> _Recorded data_:
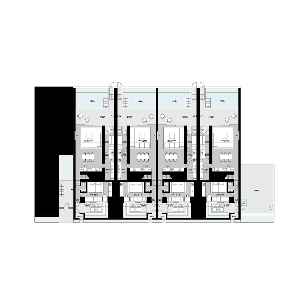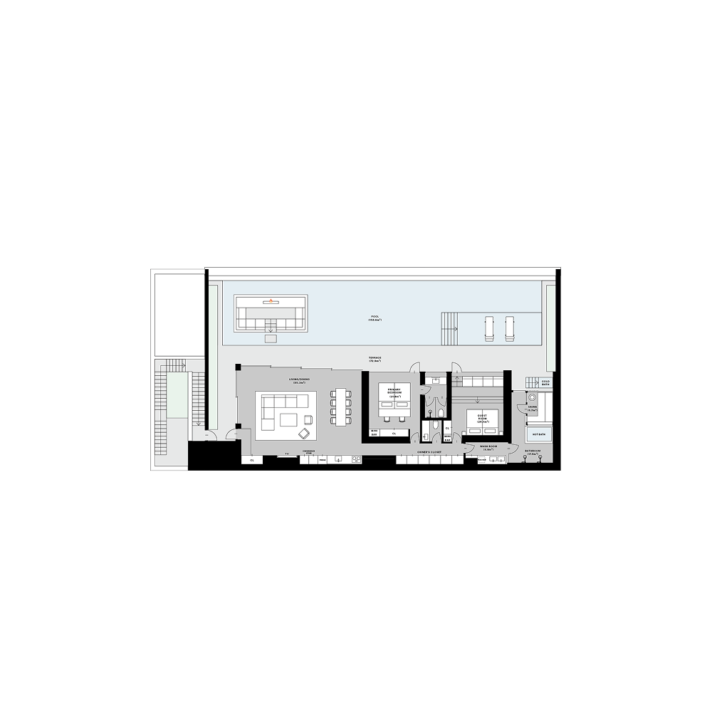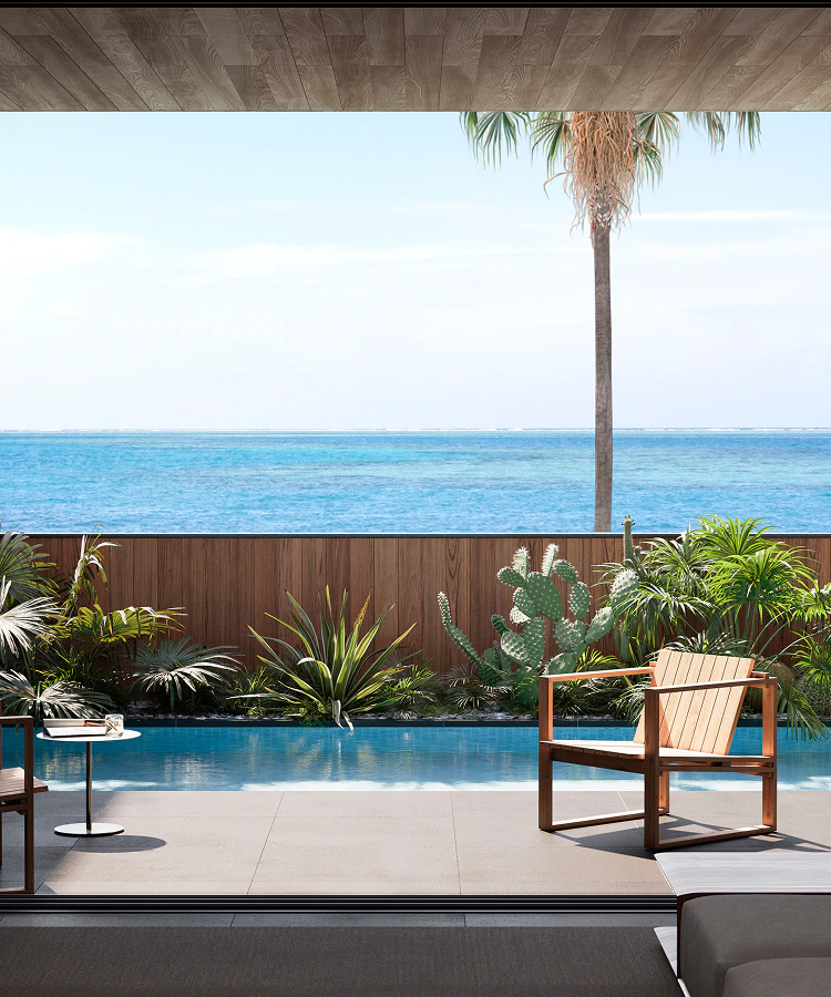 「COAST」は、海岸沿いに面した青島の特等席に位置し、海で過ごすも、プライベートプールで泳ぐも、その時々の気分に合わせて贅沢に選択できます。2ベッドルームのメゾネット形式の建築で、家族での利用にも最適です。リビングは天井高3.2mの開放的な空間となっています。
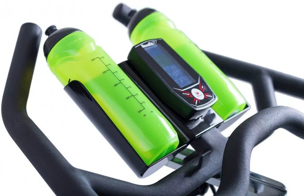 Součástí multiúchopových řídítek je i 2x držák na láhev s vodou. Všechno je nastavitelné pro váš maximální komfort při tréninku!
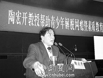 一襲并不時(shí)尚的米色風(fēng)衣,一套普通的深色西裝,中等身材,高額闊臉,面色健康,頭發(fā)略有花白。快人快語(yǔ),不時(shí)夾雜幾句“Yes”“No”,講到激動(dòng)處有些口吃。這便是“青少年網(wǎng)絡(luò)愛(ài)心大使”、59歲的華中師范大學(xué)特聘教授陶宏開(kāi)。從間接了解,到直接接觸,從報(bào)告會(huì)、座談會(huì),到面對(duì)面采訪,連日來(lái),記者就這樣走近陶宏開(kāi)——
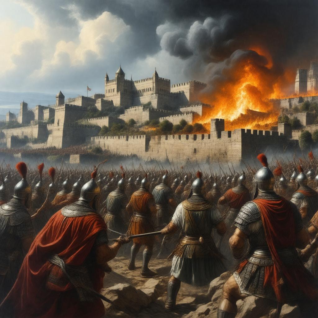"Generate an image of a dramatic and intense battle scene depicting the Siege of Jerusalem during the First Jewish–Roman War, also known as the Great Revolt, in 70 CE. Show Roman legionnaires breaching the walls of Jerusalem, with the Second Temple in flames in the background. Incorporate Jewish rebels defending their city, with a chaotic and apocalyptic atmosphere. The style should be reminiscent of ancient Roman art, with detailed armor, architecture, and intense emotions. The scene should convey the significance and devastation of this pivotal event in Jewish history."
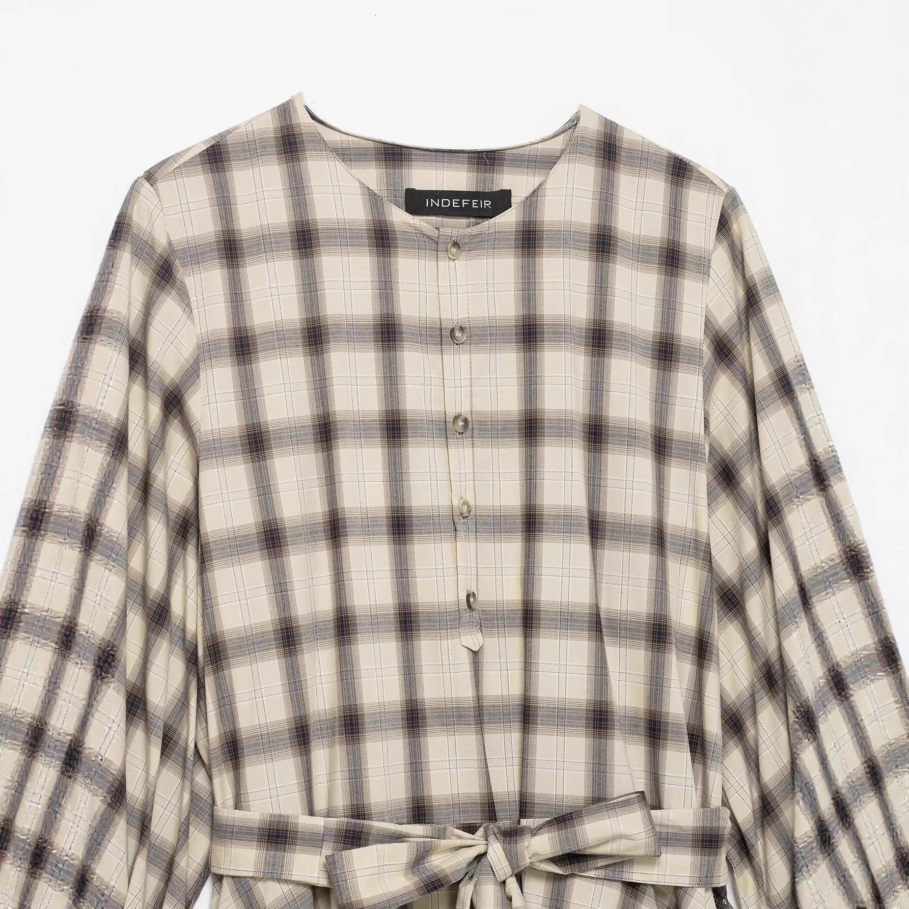 • Vintage Plaid Lantern Sleeve Shirt Dress For Women Elegant Belted Long Maxi Dress Autumn Winter Button Up Office Lady Vestidos

> _Work to complete_:
Would you please restate the records word for word, excluding any images?

> _Response box_:
 「COAST」は、海岸沿いに面した青島の特等席に位置し、海で過ごすも、プライベートプールで泳ぐも、その時々の気分に合わせて贅沢に選択できます。2ベッドルームのメゾネット形式の建築で、家族での利用にも最適です。リビングは天井高3.2mの開放的な空間となっています。
 Součástí multiúchopových řídítek je i 2x držák na láhev s vodou. Všechno je nastavitelné pro váš maximální komfort při tréninku!
 一襲并不時(shí)尚的米色風(fēng)衣,一套普通的深色西裝,中等身材,高額闊臉,面色健康,頭發(fā)略有花白。快人快語(yǔ),不時(shí)夾雜幾句“Yes”“No”,講到激動(dòng)處有些口吃。這便是“青少年網(wǎng)絡(luò)愛(ài)心大使”、59歲的華中師范大學(xué)特聘教授陶宏開(kāi)。從間接了解,到直接接觸,從報(bào)告會(huì)、座談會(huì),到面對(duì)面采訪,連日來(lái),記者就這樣走近陶宏開(kāi)——
"Generate an image of a dramatic and intense battle scene depicting the Siege of Jerusalem during the First Jewish–Roman War, also known as the Great Revolt, in 70 CE. Show Roman legionnaires breaching the walls of Jerusalem, with the Second Temple in flames in the background. Incorporate Jewish rebels defending their city, with a chaotic and apocalyptic atmosphere. The style should be reminiscent of ancient Roman art, with detailed armor, architecture, and intense emotions. The scene should convey the significance and devastation of this pivotal event in Jewish history."
 • Vintage Plaid Lantern Sleeve Shirt Dress For Women Elegant Belted Long Maxi Dress Autumn Winter Button Up Office Lady Vestidos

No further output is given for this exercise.